“Got no money, my lad? What a shame, when half of all this here ought to be yourn. Oh dear, what a cruel thing it seems! I’m very sorry for you, Mas’ Don, that I am, ’specially when I think of what a fine dashing young fellow like—”
“Don’t humbug, Mike.”
“Nay, not I, my lad; ’tarn’t likely. You know it’s true enough. You’re one of the young fellows as is kep’ out of his rights. I know what I’d do if I was you.”
“What?”
“Not be always rubbing my nose again a desk. Go off to one o’ them bu’ful foreign countries as I’ve told you of, where there’s gold and silver and dymons, and birds jus’ like ’em; and wild beasts to kill, and snakes as long as the main mast. Ah! I’ve seen some sights in furren abroad, as what I’ve told you about’s like nothing to ’em. Look here, Mas’ Don, shall I stop on for an hour and tell you what I’ve seen in South America?”

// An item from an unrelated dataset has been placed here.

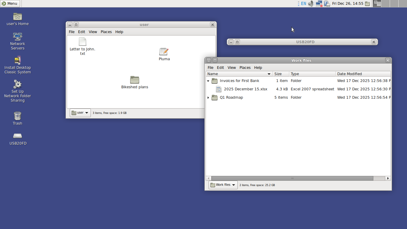 Desktop Classic System is an operating system based on Debian and a customized version of the MATE Desktop Environment that hearkens back to, but is not a direct copy of, the classic Mac OS. DCS seeks to provide and sometimes even improve upon the conceptual simplicity offered by the old Macintosh, in these ways:
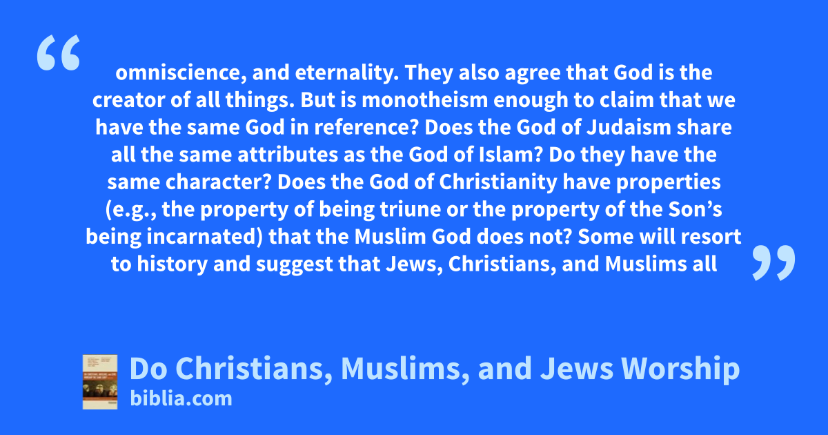 omniscience, and eternality. They also agree that God is the creator of all things. But is monotheism enough to claim that we have the same God in reference? Does the God of Judaism share all the same attributes as the God of Islam? Do they have the same character? Does the God of Christianity have properties (e.g., the property of being triune or the property of the Son’s being incarnated) that the Muslim God does not? Some will resort to history and suggest that Jews, Christians, and Muslims all

“No, no, Mike; my uncle doesn’t like you to be with me.”
“Ah, and well I knows it. ’Cause I tells you the truth and he feels guilty, Mas’ Don.”
“And—and it only unsettles me,” cried the boy with a despairing look in his eyes. “Get on with your work, and I must get on with mine.”
“Ah, to be sure,” said the scoundrel with a sneer. “Work, work, work. You and me, Mas’ Don, is treated worse than the black niggers as cuts the sugar-canes down, and hoes the ’bacco in the plantations. I’m sorry for you.”
Lindon Lavington thrust his little account book in his breast, and walked hurriedly in the direction taken by the man Jem, entering directly after a low warehouse door, where rows of sugar-hogsheads lay, and there was a murmur and buzz made by the attracted flies.